The results from this study showed that Broiler chickens responded positively to soaked cassava peel meal (FCPM) inclusion levels up to 50 % without any deleterious effect on their growth.

The nutrient digestibility of Broiler chickens fed diets containing graded levels of FCPM were significantly highest at 50 % where the nutrients were better digested. It was therefore concluded that broiler chickens fed 50 % inclusion level of FCPM had the best digestibility. Also at 50 % FCPM inclusion level carcass characteristics were not adversely affected.
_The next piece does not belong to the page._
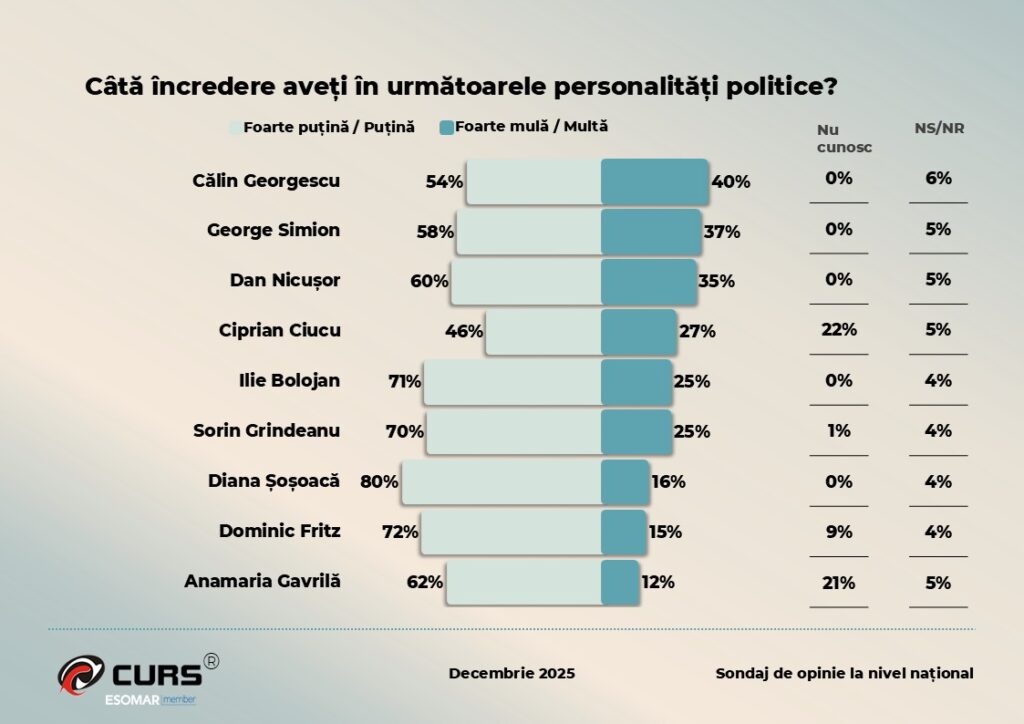 Un sondaj CURS efectuat în perioada 10-19 decembrie a.c. pe 1.067 persoane, cu marjă de eroare de 3%, arată că 75% dintre români sunt de opinie că România se îndreaptă într-o direcție greșită, doar 21% apreciind că țara este pe o direcție bună. 40% dintre cei întrebați au afirmat că au multă sau foarte multă încredere în Călin Georgescu, dar 54% au puțină sau foarte puțină încredere.

Up to 75 % FCPM replacement in terms of hen-day and hen-house production showed no significant difference therefore up to 75 % FCPM can be substituted in the diet of laying Broiler chickens without having any deleterious effect on egg quality traits.

Recommendations

From the results obtained from this experiment, 50 % inclusion of FCPM is recommended in the diet of growing Broiler chickens while 75 % inclusion of FCPM is recommended in diet of laying Broiler chickens.